Neuroscience traces this grounding in the world back to what’s called “cognitive mapping.” In his recent article for EGM, Justin Reeve discussed how we essentially map personal information, both structural and emotional, over our real-world “spaces,” turning them into “places” of various meaning. Reeve has also detailed how architecture and city layouts interconnect and become alive—certainly alive inside the human mind with the way we find our meaning in an infinitely connected world.
“Mental maps are a fascinating thing,” Reeve wrote me in response to an email. I wanted to get his take as an archeologist on how a game world builds its details into a narrative in our minds. “They’re basically the product of our attempting to understand how something works or functions. Mental maps don’t just concern technology, though. They concern our understanding about things like society and the world around us. You could, for example, see artificial constructs like government and religion as products of our attempt to understand these two things. Government is a big, complicated system, but we know that we have to pay our taxes to keep the tax man off our back. We likewise pay a tithe to the temple so that priests can perform their rituals to keep the sky from falling. They’re also why we like games so much. These are specifically designed to stimulate our brains by forcing us to create new mental maps. This takes place mostly through mechanics which define a variety of different affordances and constraints.”

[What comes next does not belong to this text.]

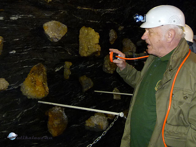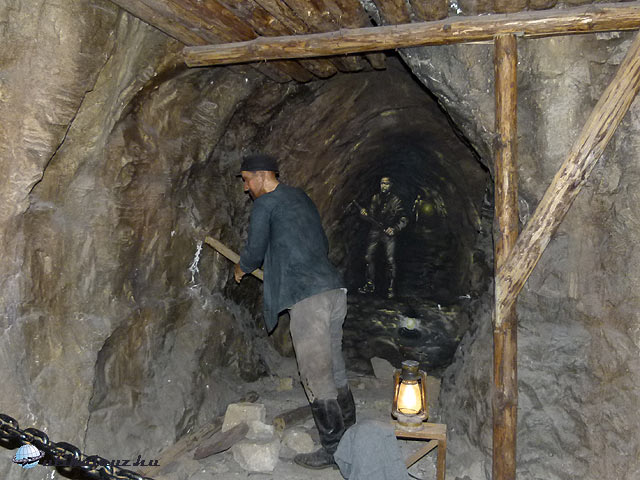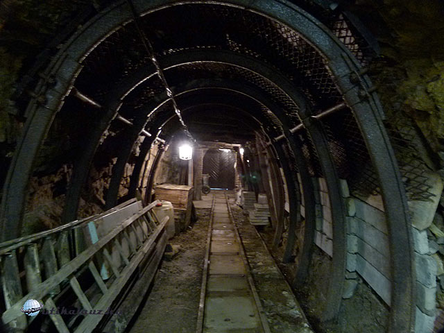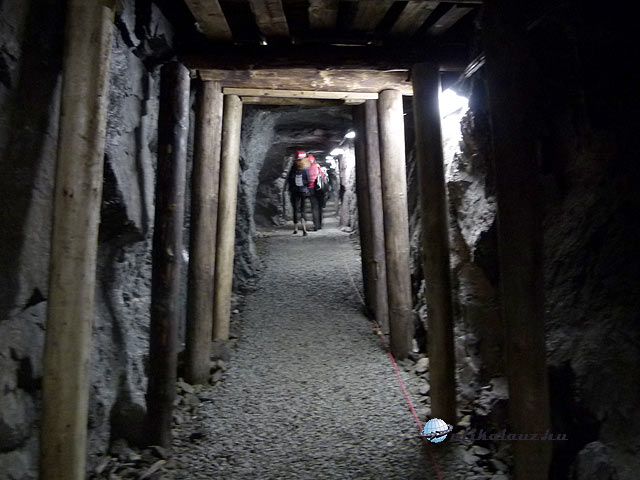 A bányában 7 Celsius fokos az állandó hőmérséklet és 98 százalékos a relatív páratartalom. A mintegy 40 perces utunk hol szépen kialakított alagutakon, hol csak éppen kicsit kibővített sziklarepedéseken vezetett át. Vezetőnk a kelták idejéig vezette vissza a helyi bányászkodás történetét. Az elődök először ezüstöt keresve kezdték kialakítani a járatokat. A bejárt tárnákban afféle tanösvényként be is mutatták az itt bányászott fémeket, más kőzeteket és a különböző korokban itt dolgozott bányászok eszközeit, védőfelszereléseit a csodatevő szobroktól a légzőkészülékekig. Már útközben is, több érdekes dolgot láthatunk, de egy nagyobb “teremben” még külön kiállításon is összegyűjtötték azokat a kőzeteket, amiket az elmúlt évszázadokban itt bányásztak.

There are plenty of reasons to get into gaming, but the universal connection we all share is the desire for a happy, satisfied brain. Gaming feels good; that’s why we go back for more. If you endeavor to explore a vast world of fantasy, or a grand hero in a creative place filled with puzzles and mysteries and wonders, your brain is truly there. If you simply like the idea of swinging a sword or pulling a trigger, there’s meaning in that, too. Dunlap mentioned the ago-old gaming truism that “some people just want to blow things up.” It’s neat to think that even destroying things writes its own unique story in the mind.